Archäologische Untersuchungen am Rauhen Kulm in
der nördlichen Oberpfalz Stadt Neustadt a. Kulm, Landkreis Neustadt a.
d. Waldnaab, Oberpfalz
Rauher und Kleiner Kulm, Zeugnisse vulkanischer Aktivität
Eine der auffälligsten Landmarken Nordostbayerns, der gleichmäßige Kegel
des Rauhen Kulms, überragt mit einer Höhe von 683,5 Meter die
Oberpfälzer Senke bis zu 233 Meter. Zusammen mit dem benachbarten
Kleinen oder Schlechten Kulm gehört er zu einer Reihe von
Basaltmassiven, die auf
vulkanische Aktivitäten zurückgehen. Der Berg
machte in allen Epochen auf den Menschen Eindruck und so verwundert es
kaum, dass dieser nicht erst im hohen Mittelalter befestigt wurde.
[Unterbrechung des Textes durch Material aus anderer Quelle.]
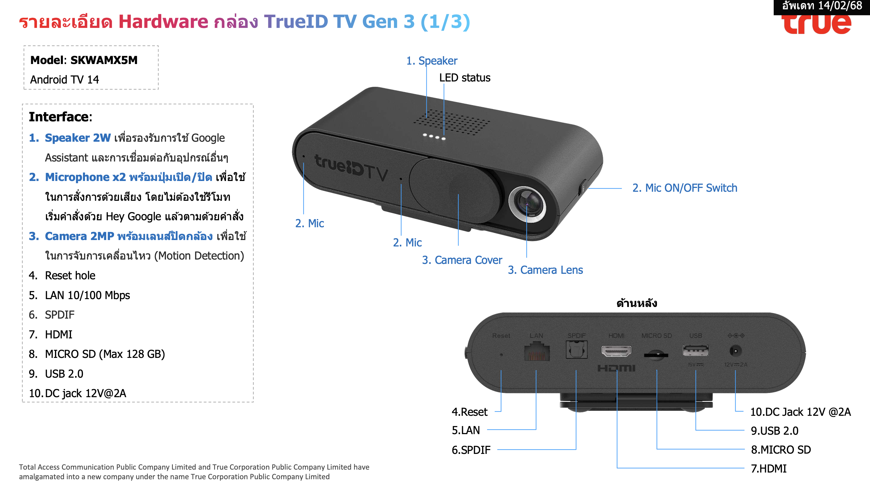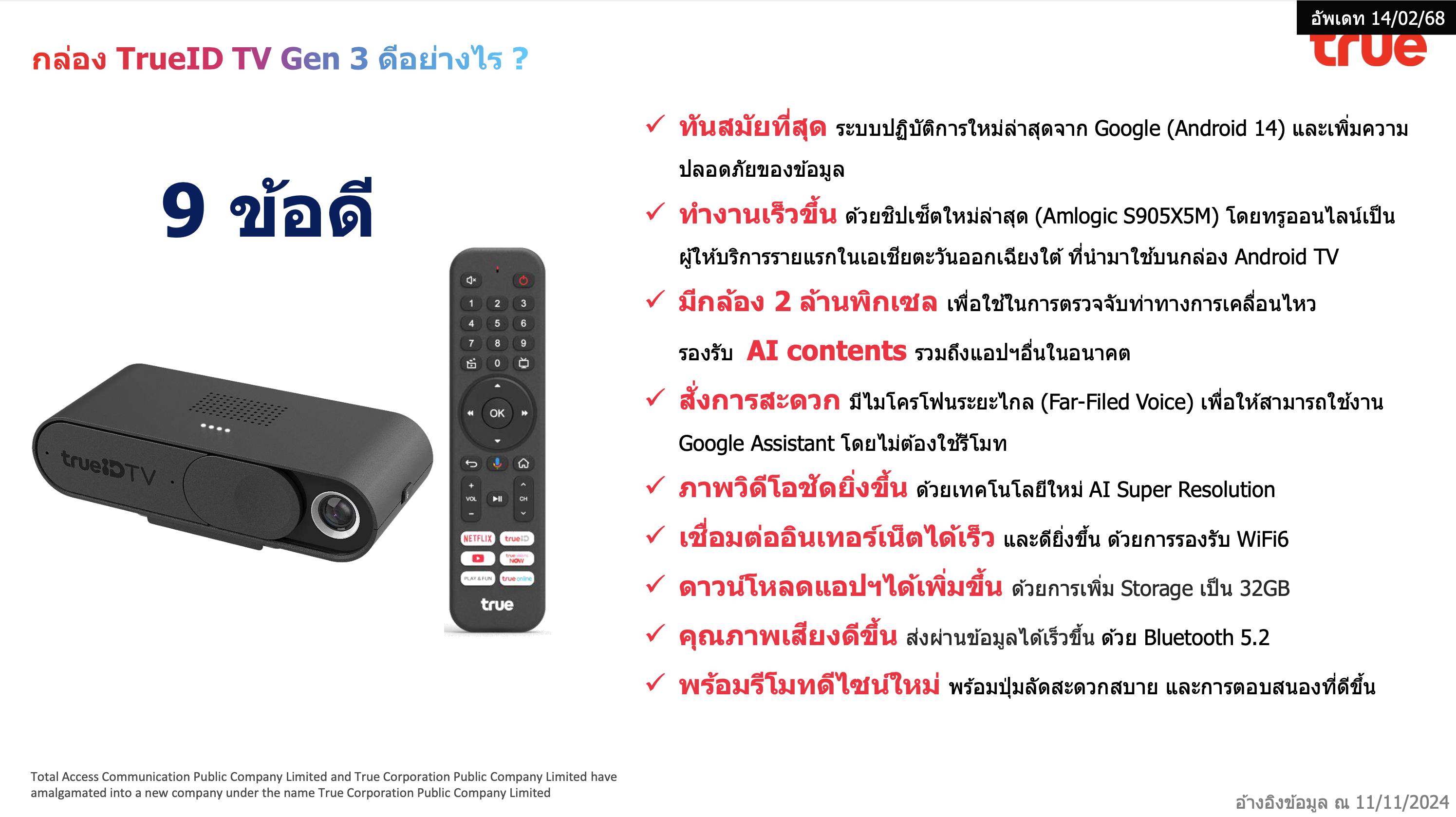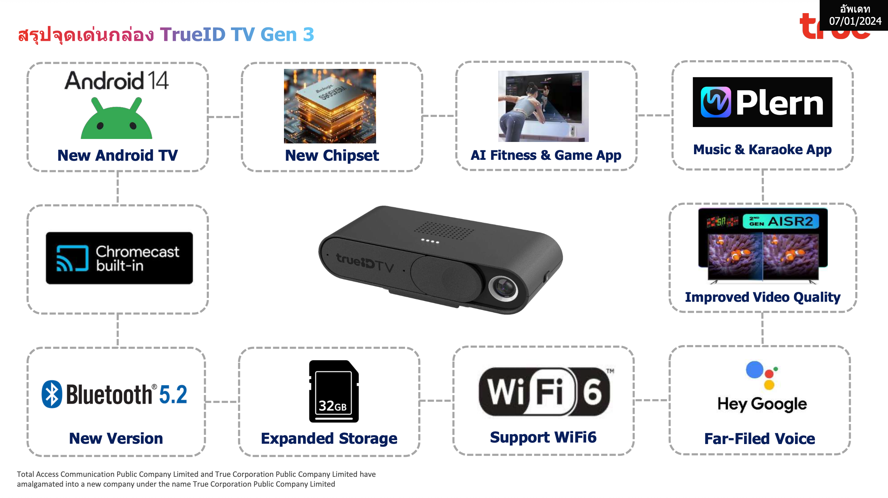 กล่อง TrueID TV Gen 3 เป็น กล่องทีวี AI อัจฉริยะ จากทรูออนไลน์ ที่โดดเด่นด้วย กล้อง AI ในตัว เพื่อรองรับคอนเทนต์ AI อย่างการออกกำลังกายและเล่นเกมที่ใช้การเคลื่อนไหว นอกจากนี้ยังมาพร้อมดีไซน์ใหม่, ระบบปฏิบัติการ Android 14, ชิปประมวลผล AI ใหม่ล่าสุดที่เร็วและแรงกว่าเดิม, และฟีเจอร์อื่น ๆ เช่น Google Assistant, Plern Karaoke, และการดาวน์โหลดแอปพลิเคชันได้มากขึ้น

Befestigungen am Rauhen Kulm
Auf etwa halber Höhe umgibt die Kuppe ein bislang nicht genau datierter
Ringwall, während auf dem Gipfelplateau Reste der hoch- bis
spätmittelalterlichen bzw. frühneuzeitlichen Burg zu erkennen sind.
Dem außergewöhnlichen Natur- und Kulturdenkmal widmet sich eine der
frühesten archäologischen Monographien Nordbayerns. Die 1908-1910 von
Major Adalbert Neischl im Auftrag der Naturhistorischen Gesellschaft
Nürnberg durchgeführten und schon 1912 publizierten Untersuchungen
belegen, dass der Rauhe Kulm vom Neolithikum an immer wieder aufgesucht
wurde, obgleich vorgeschichtliche Funde sonst aus der näheren Umgebung
bislang weitgehend fehlen. Die frühe Bedeutung des Platzes wird durch
ein in den späten 1960erjahren aufgelesenes und hier im Schuttkegel
möglicherweise als Opfer niedergelegtes unbenutztes Bronzebeil der
späten Bronzezeit unterstrichen. Keramik und Eisenobjekte des 8./9.
nachchristlichen Jahrhunderts (Abb. 1) sprachen seit den Untersuchungen
von Neischl dafür, dass hier eine karolingerzeitliche Befestigung
bestand.
Die hochmittelalterliche Burg auf dem Gipfelplateau
Zur Entstehung der hochmittelalterlichen Burg auf dem Gipfelplateau des
Rauhen Kulms schweigen die Schriftquellen. Die Nennung des
Leuchtenbergers Bucco de Culmen an erster Zeugenstelle in der
Stiftungsurkunde des Benediktinerklosters Michelfeld bei Auerbach von
1119 weist zwar auf einen Ansitz, jedoch ist unbekannt, ob sich dieser
auf dem Rauhen oder Kleinen Kulm befand. 1281 verpfändete Landgraf
Friedrich von Leuchtenberg das castrum Culme an Burggraf Friedrich III.
von Nürnberg, aus dessen Geschlecht die zollernschen Markgrafen von
Ansbach-Kulmbach-Bayreuth hervorgingen. 1370 erlaubte Kaiser Karl IV.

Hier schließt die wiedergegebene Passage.